Broadcaster’s Response to the Authority

[61]   TVNZ noted that it had received an email from Mr Dunleavy stating that Gareth Morgan had made, or was going to make a formal complaint about the Sunday item. It maintained that Mr Morgan had not made a complaint.

[62]   The broadcaster responded to one point made in Mr Dunleavy’s referral, acknowledging that Mr Dunleavy was correct in stating that La Nina was the cool phase of El Nino, not the warm phase. However, it considered that its error did not affect the quality of the research referred to in its initial response. TVNZ attached material to prove that what was said in its decision on the complaint was correct.

Authority's Determination

[63]   The members of the Authority have viewed a recording of the broadcast complained about and have read the correspondence listed in the Appendix. The Authority determines the complaint without a formal hearing.

Standard 4 (balance)

[64]   Standard 4 requires broadcasters to maintain standards consistent with the principle that when controversial issues of public importance are discussed, reasonable efforts are made, or reasonable opportunities are given, to present significant points of view either in the same programme or in other programmes within the period of current interest.

[65]   In Kodikara and Smith and SKY2,the Authority found that Standard 4 applied to a documentary which discussed whether global warming was caused by human activity. However, it considers that this programme was distinguishable for the following reasons.

[66]   To begin with, the programme did not attempt to debate whether global warming was caused by human activity.  While the Authority accepts that any mention of global warming is likely to excite a degree of controversy, it considers that the Sunday programme did not venture into the same territory as the SKY documentary.  It did not purport to be a study of, or debate about, climate change and its causes.

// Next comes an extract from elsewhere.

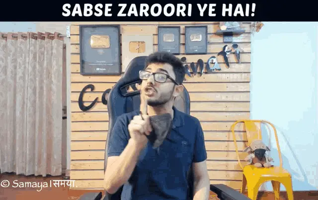 Carryminati (Ajey Nagar) speaks in front of a wall with the Hindi caption 'Chalo Ab Apna Ghar Dikhao'.
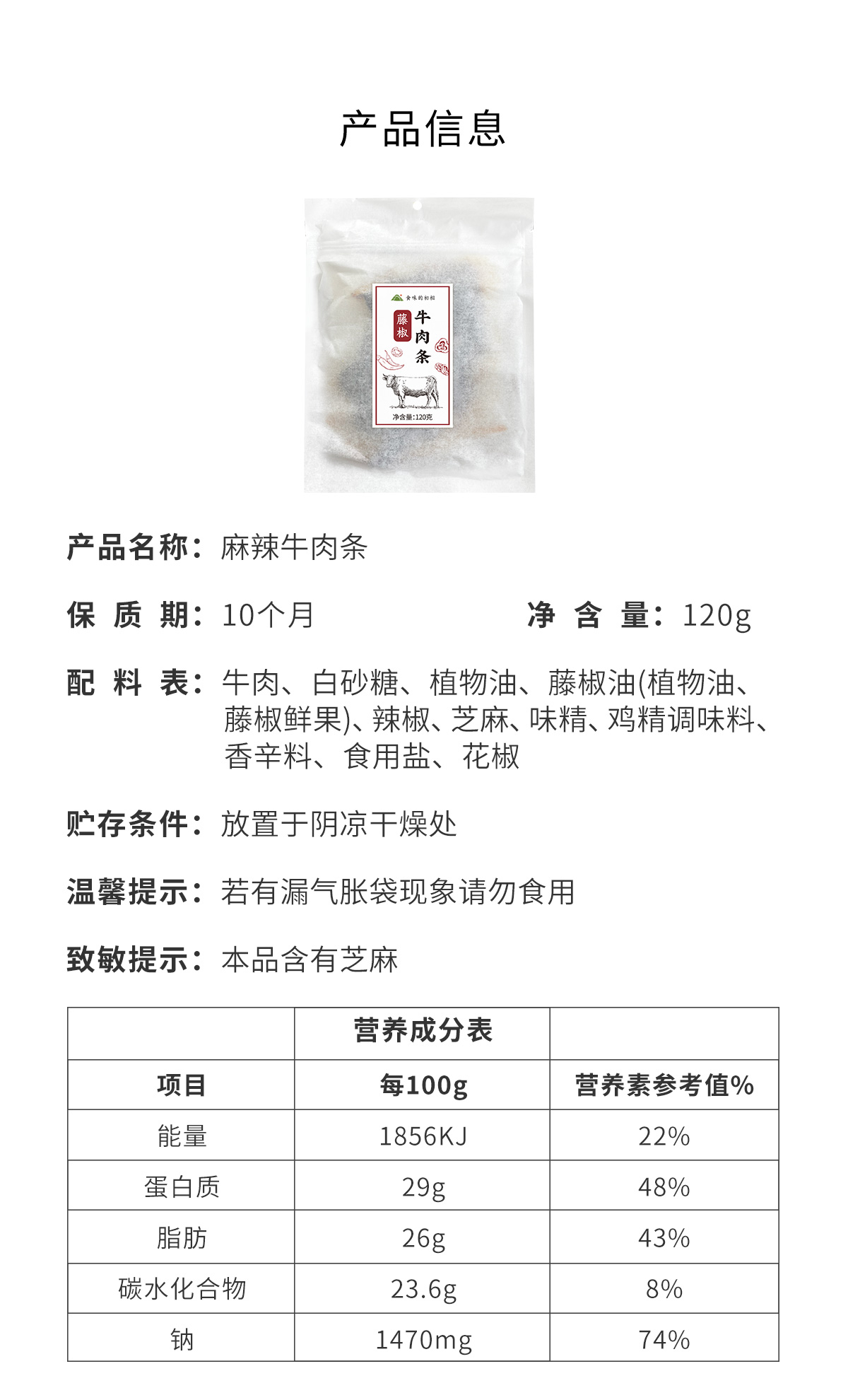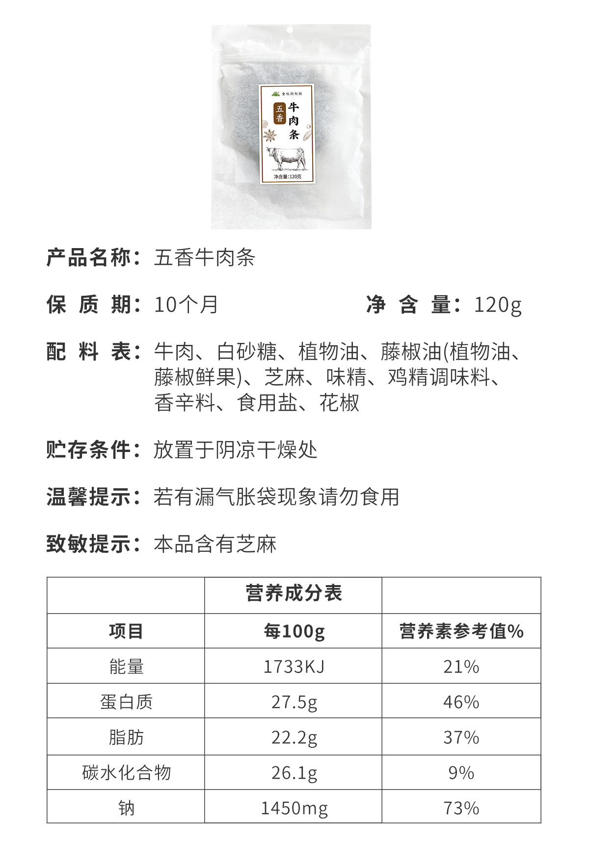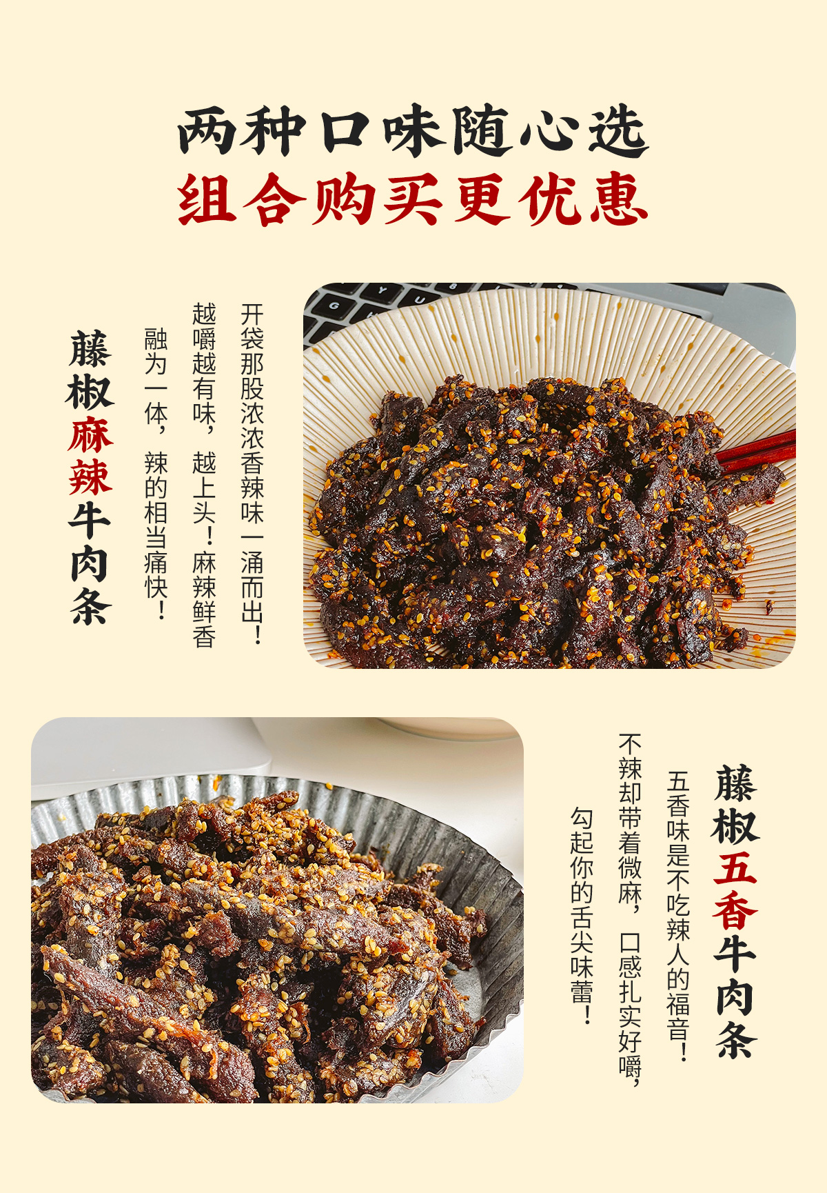 【亲妈精选】超好吃的牛肉干 食味的初相*藤椒牛肉条120g*2袋/4袋 五香麻辣两口味可选

It merely alluded to the controversy by way of background to a human interest piece which featured well-known economist Gareth Morgan's search for the global warming "truth", and his conclusions. The item then went on to present a miscellany of stories about other people who had reached the same conclusion as Mr Morgan – that is, that global warming was almost certainly man-made and potentially calamitous – as well as giving examples of their responses to that conclusion.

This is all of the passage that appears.